Por fim, uma última tensão é apontada por Hegel: à medida que o indivíduo trabalha para a cultura e fortalece as estruturas sociais, a inserção no mundo social significa o fim do eu individual, sacrificado em nome do coletivo. Diferentemente de Nietzsche, para quem o fortalecimento do gregário significa um rebaixamento do humano e sua completa uniformização e padronização, impedindo o "tornar-se o que se é" de cada um, Hegel acredita que o eu individual vai ser superado, conservado e fortalecido em seu ser-outro: o universal, o espírito.

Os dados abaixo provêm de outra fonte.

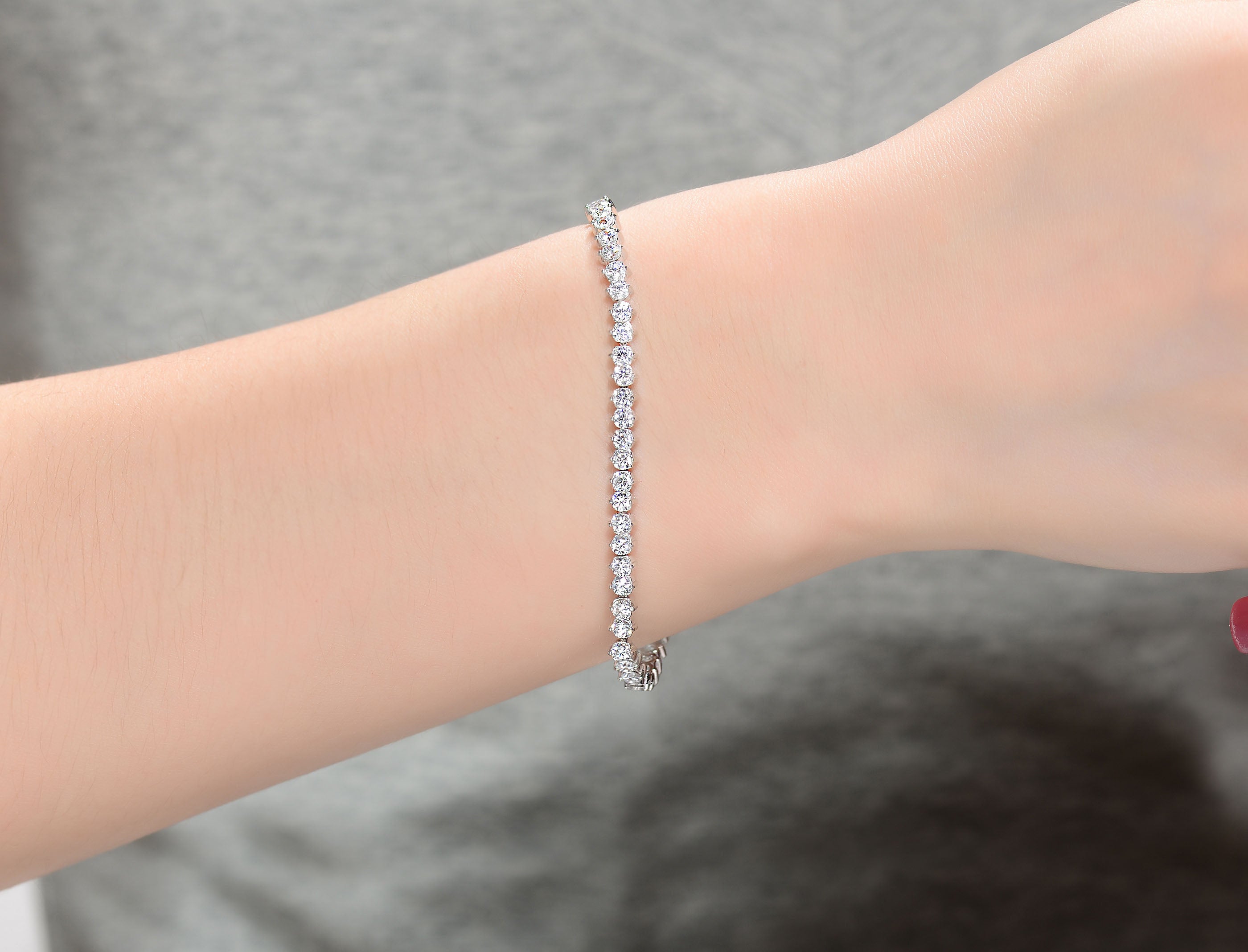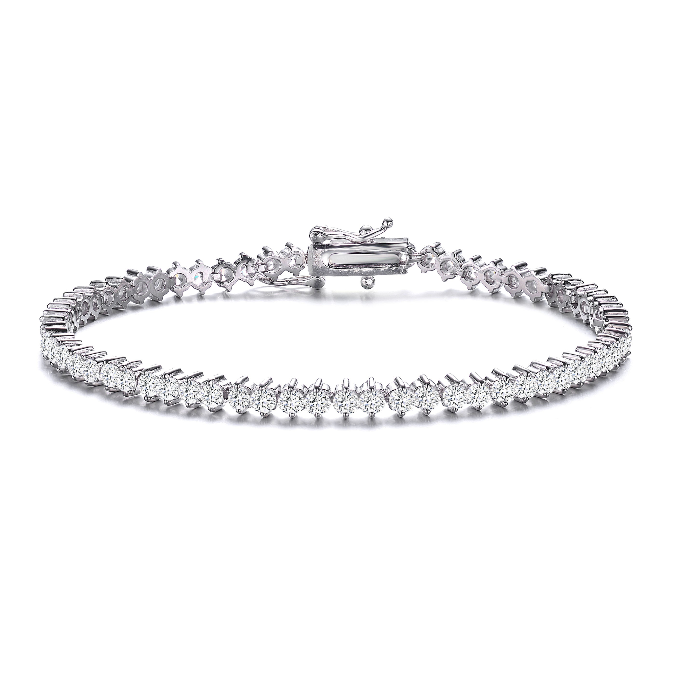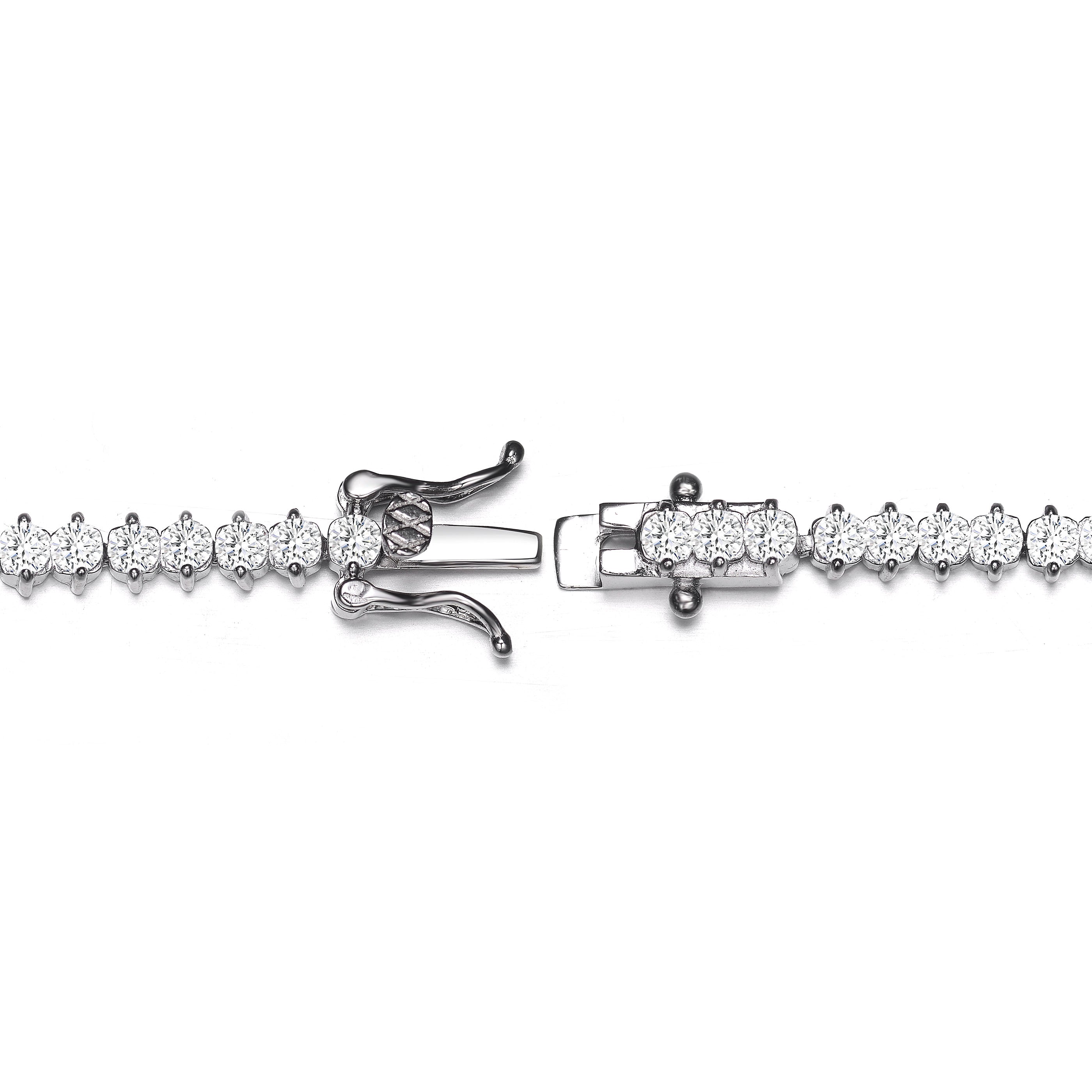 This sophisticated tennis bracelet features a single row of sparkling cubic zirconia stones, each meticulously set in a rhodium-plated band. The bracelet is secured with a sturdy clasp, ensuring both safety and comfort for the wearer. Its classic design exudes timeless elegance, making it an ideal accessory for both formal occasions and everyday wear. The rhodium plating not only adds a lustrous finish but also enhances durability, resisting tarnish to maintain its gleaming appearance over time.

Para ele, somente aí o humano pode alcançar sua verdadeira realização e liberdade.


Em nenhum outro livro, Hegel concretizou de forma tão imponente a tarefa da filosofia de compreender o tempo no conceito.
[JOSÉ MARIA ARRUDA é doutor em Filosofia pela Universidade de Essen/Alemanha; Pós-Doutor pela Universidade de Aachen; Professor Adjunto IV do Departamento de Filosofia e do Mestrado em Filosofia da Universidade Federal do Ceará.]
Nota do Autor:CONHEÇA O FILÓSOFO
Georg Wilhelm Freidrich Hegel (1770-1831) nasceu em Stuttgart, estudou inicialmente Teologia no Seminário de Tübingen. Após o seminário, dedicou-se à Filosofia, tornando-se o principal nome do movimento filosófico do Idealismo Alemão. Entre suas obras principais estão: A Fenomenologia do Espírito (1806); A Ciência da Lógica (1812/1816); A Enciclopédia das Ciências Filosóficas (1818) e os Princípios da Filosofia do Direito (1821). A influênciacia de sua obra se estende de Marx, a Adorno, Merleau-Ponty, Habermas, Lacan e outros.